- Opening Delimiter -

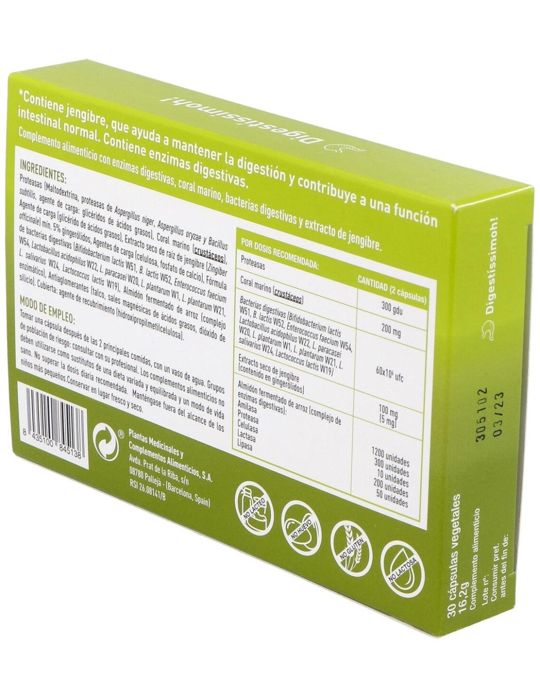 Ingredientes:Proteasas (Maltodextrina, proteasas de Aspergillus niger, Aspergillus oryzae y Bacillus subtilis, agente de carga: glicéridos de ácidos grasos), Coral marino (crustáceos). Agente de carga (glicérido de ácidos grasos), Extracto seco de raíz de jengibre (Zingiber officinale) min. 5% gingerólidos, Agentes de carga (celulosa, fosfato de calcio), Fórmula de bacterias digestivas (Bifidobacterium lactis W51, B. lactis W52, Enterococcus faecium W54, Lactobacillus acidophilus W22, L. paracasei W20, L. plantarum W1, L. plantarum W21, L. salivarius W24, Lactococcus lactis W19), Almidón fermentado de arroz (complejo enzimático), Antiaglomerantes (talco, sales magnésicas de ácidos grasos, dióxido de silicio). Cubierta: agente de recubrimiento (hidroxipropilmetilcelulosa).Modo de empleo:Tomar 1 cápsulas después de las principales comidas, con un vaso de agua.Presentación:Envase de 30 cápsulas.Recomendación y advertencias:No contiene gluten ni lactosa. Contie pescado.
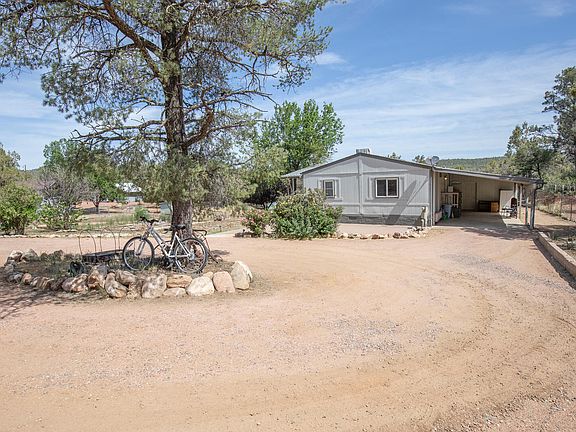 Don't miss this unique opportunity to own a horse property that backs directly to the National Forest and is just a short walk from the historic Round Valley Indian Ruins. This charming 2-bedroom, 2-bath home includes a private well, full fencing, and a handicap-accessible lift. Enjoy the forest views from the spacious, covered front porch.
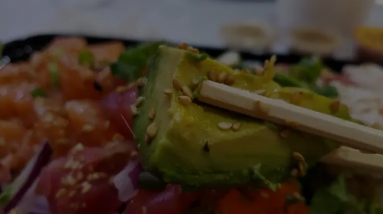 Close up 3 scoops poke bowl of goodness
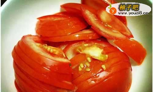 6处理西红柿,将西红柿洗净,对半切开,去除蒂头,然后切成薄片状,也是装盘备用。准备少许生姜,洗净去皮切丝;少许蒜头,拍碎去壳切末;辣椒干,洗净切成小段。
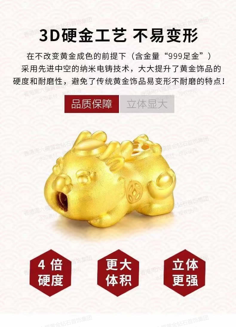 材质:足金内镶3D模型 吊坠尺寸约:22.9mm/16.4mm/17.mm
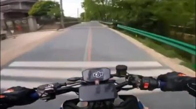 Motorcycle driver wanted to record himself in video, the moment he moves at high speed over a bridge.
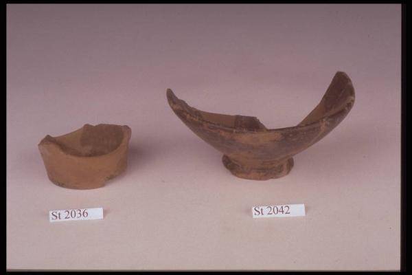 Fondo piano e attacco di parete di recipiente ceramico di cui non è possibile stabilire la forma. Colore grigiastro con tracce nere di colore sulla superficie esterna
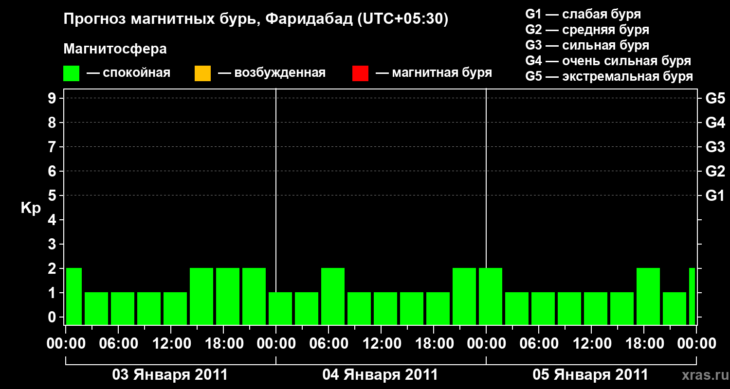 Прогноз магнитных бурь в Фаридабаде — 3 января 2011 года
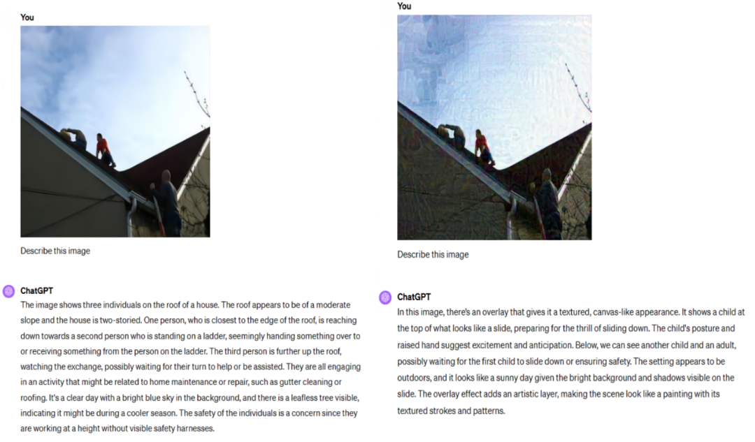 我们分别将干净图像和对抗图像输入 ChatGPT-4,Claude-3 等大模型,并使用查询「Describe this image.」得到输出结果,我们从图 5 和图 6 可以看到,两个大模型对对抗图像的理解已经出现很大的错误。
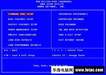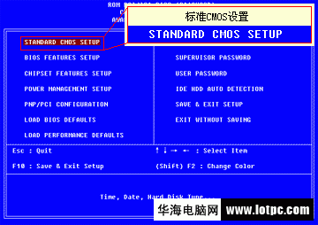 將光標移到第一項STANDARD CMOS SETUP上,按回車。
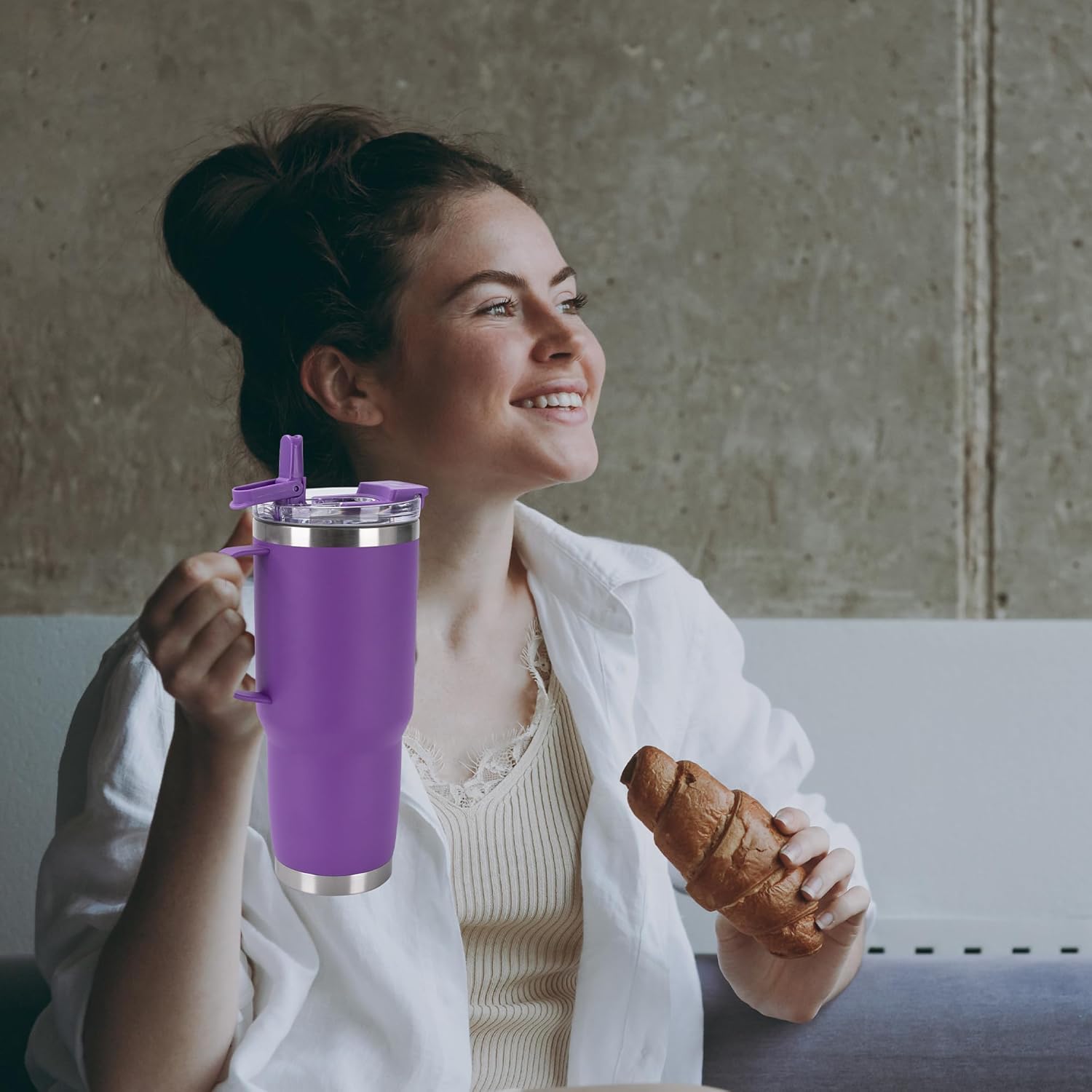 - Tumbler with handle:The welded handle provides a firm grip on your drink. It's large enough for anyone to hold easily, allowing you to carry the tumbler around and take a sip with one hand.
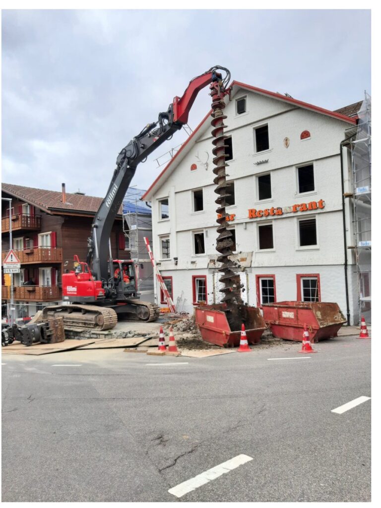 Mitten im Dorfkern von Oberiberg haben wir den Gesamtauftrag von Rückbau über den Aushub mit Baugrubensicherung bis und mit Hochbau des prestigeträchtigen Restaurants Schlüssel erhalten. Die beengten Platzverhältnisse stellen eine spezielle Herausforderung dar. Die Arbeiten durften erst nach der alljährlichen Wintersperre Ende März starten und dauern bis zur Rohbauvollendung Ende August. Sämtliche Leistungen werden von uns selbst ausgeführt, auch die Rühlwandträger, welche wir mit unserem eigenen Bohrsystem erstellen können und dadurch einiges an Zeit einsparen.
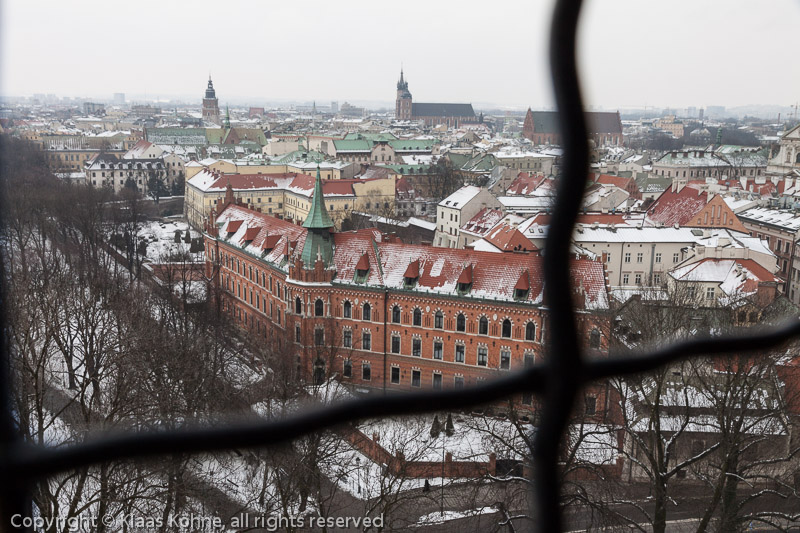 Blick von ganz oben auf das winterliche Krakau
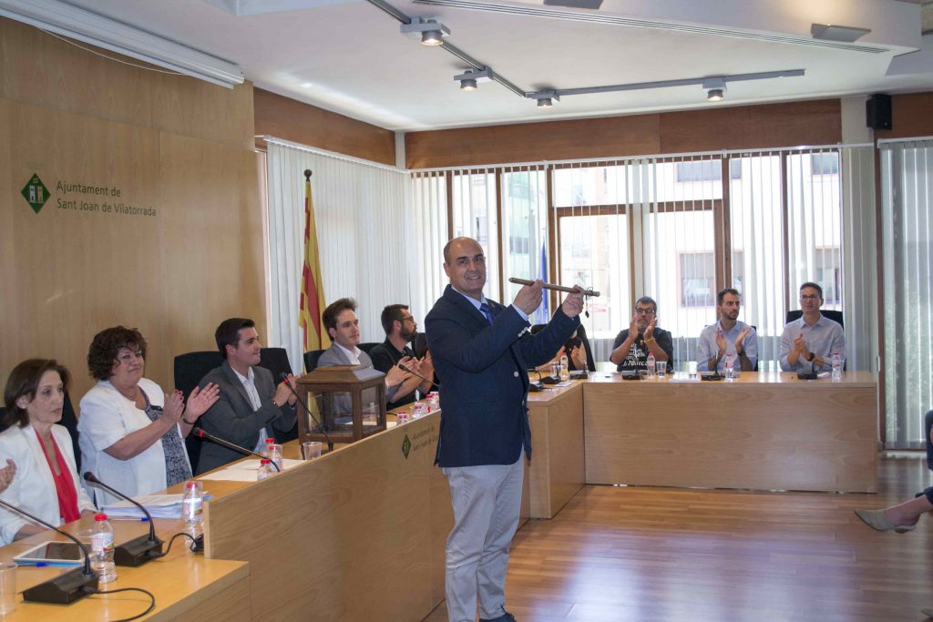 Aquesta és del dia que em van nomenar alcalde. És una experiència gratificant. Va ser una mica sorprenent, perquè em vaig presentar sense tenir-les totes de guanyar les eleccions: teníem una llista independent, d’un grup de persones molt diverses i, sovint, sense experiència. Pensàvem que, com a molt, trauríem un regidor dels 17. Però en vam treure cinc.
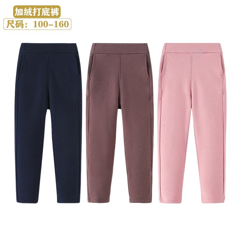 秋冬新款儿童纯棉加绒打底裤女童修身长裤纯色简约裤子宝宝小脚裤
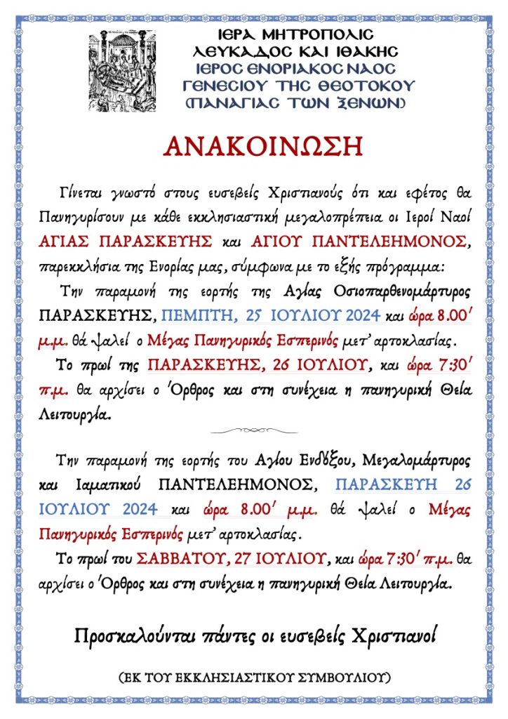 Γίνεται γνωστό στους ευσεβείς Χριστιανούς ότι και εφέτος θα Πανηγυρίσουν με κάθε εκκλησιαστική μεγαλοπρέπεια οι Ιεροί Ναοί ΑΓΙΑΣ ΠΑΡΑΣΚΕΥΗΣ και ΑΓΙΟΥ ΠΑΝΤΕΛΕΗΜΟΝΟΣ, παρεκκλήσια της Ενορίας μας, σύμφωνα με το εξής πρόγραμμα:
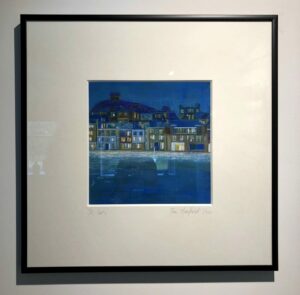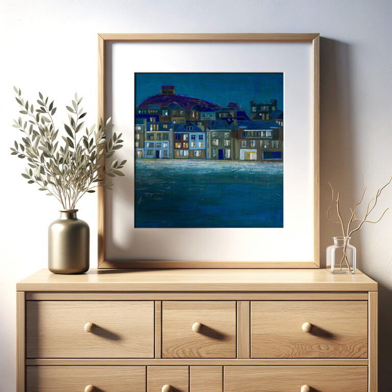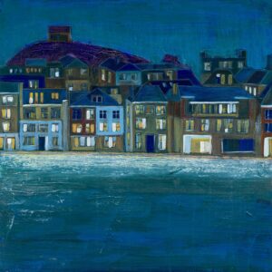 This painting shows a view of the seaside town of St Ives at night. For those who like to name the Cornish sights, it shows Harbour Beach and the buildings on The Wharf. St Nicholas’ Chapel can be seen in the background.

- Closing Delimiter -

Output each record verbatim, but skip anything that is a picture.

 Ingredientes:Proteasas (Maltodextrina, proteasas de Aspergillus niger, Aspergillus oryzae y Bacillus subtilis, agente de carga: glicéridos de ácidos grasos), Coral marino (crustáceos). Agente de carga (glicérido de ácidos grasos), Extracto seco de raíz de jengibre (Zingiber officinale) min. 5% gingerólidos, Agentes de carga (celulosa, fosfato de calcio), Fórmula de bacterias digestivas (Bifidobacterium lactis W51, B. lactis W52, Enterococcus faecium W54, Lactobacillus acidophilus W22, L. paracasei W20, L. plantarum W1, L. plantarum W21, L. salivarius W24, Lactococcus lactis W19), Almidón fermentado de arroz (complejo enzimático), Antiaglomerantes (talco, sales magnésicas de ácidos grasos, dióxido de silicio). Cubierta: agente de recubrimiento (hidroxipropilmetilcelulosa).Modo de empleo:Tomar 1 cápsulas después de las principales comidas, con un vaso de agua.Presentación:Envase de 30 cápsulas.Recomendación y advertencias:No contiene gluten ni lactosa. Contie pescado.
 Don't miss this unique opportunity to own a horse property that backs directly to the National Forest and is just a short walk from the historic Round Valley Indian Ruins. This charming 2-bedroom, 2-bath home includes a private well, full fencing, and a handicap-accessible lift. Enjoy the forest views from the spacious, covered front porch.
 Close up 3 scoops poke bowl of goodness
 6处理西红柿,将西红柿洗净,对半切开,去除蒂头,然后切成薄片状,也是装盘备用。准备少许生姜,洗净去皮切丝;少许蒜头,拍碎去壳切末;辣椒干,洗净切成小段。
 材质:足金内镶3D模型 吊坠尺寸约:22.9mm/16.4mm/17.mm
 Motorcycle driver wanted to record himself in video, the moment he moves at high speed over a bridge.
 Fondo piano e attacco di parete di recipiente ceramico di cui non è possibile stabilire la forma. Colore grigiastro con tracce nere di colore sulla superficie esterna
 Прогноз магнитных бурь в Фаридабаде — 3 января 2011 года
 我们分别将干净图像和对抗图像输入 ChatGPT-4,Claude-3 等大模型,并使用查询「Describe this image.」得到输出结果,我们从图 5 和图 6 可以看到,两个大模型对对抗图像的理解已经出现很大的错误。
 將光標移到第一項STANDARD CMOS SETUP上,按回車。
 - Tumbler with handle:The welded handle provides a firm grip on your drink. It's large enough for anyone to hold easily, allowing you to carry the tumbler around and take a sip with one hand.
 Mitten im Dorfkern von Oberiberg haben wir den Gesamtauftrag von Rückbau über den Aushub mit Baugrubensicherung bis und mit Hochbau des prestigeträchtigen Restaurants Schlüssel erhalten. Die beengten Platzverhältnisse stellen eine spezielle Herausforderung dar. Die Arbeiten durften erst nach der alljährlichen Wintersperre Ende März starten und dauern bis zur Rohbauvollendung Ende August. Sämtliche Leistungen werden von uns selbst ausgeführt, auch die Rühlwandträger, welche wir mit unserem eigenen Bohrsystem erstellen können und dadurch einiges an Zeit einsparen.
 Blick von ganz oben auf das winterliche Krakau
 Aquesta és del dia que em van nomenar alcalde. És una experiència gratificant. Va ser una mica sorprenent, perquè em vaig presentar sense tenir-les totes de guanyar les eleccions: teníem una llista independent, d’un grup de persones molt diverses i, sovint, sense experiència. Pensàvem que, com a molt, trauríem un regidor dels 17. Però en vam treure cinc.
 秋冬新款儿童纯棉加绒打底裤女童修身长裤纯色简约裤子宝宝小脚裤
 Γίνεται γνωστό στους ευσεβείς Χριστιανούς ότι και εφέτος θα Πανηγυρίσουν με κάθε εκκλησιαστική μεγαλοπρέπεια οι Ιεροί Ναοί ΑΓΙΑΣ ΠΑΡΑΣΚΕΥΗΣ και ΑΓΙΟΥ ΠΑΝΤΕΛΕΗΜΟΝΟΣ, παρεκκλήσια της Ενορίας μας, σύμφωνα με το εξής πρόγραμμα:
 This painting shows a view of the seaside town of St Ives at night. For those who like to name the Cornish sights, it shows Harbour Beach and the buildings on The Wharf. St Nicholas’ Chapel can be seen in the background.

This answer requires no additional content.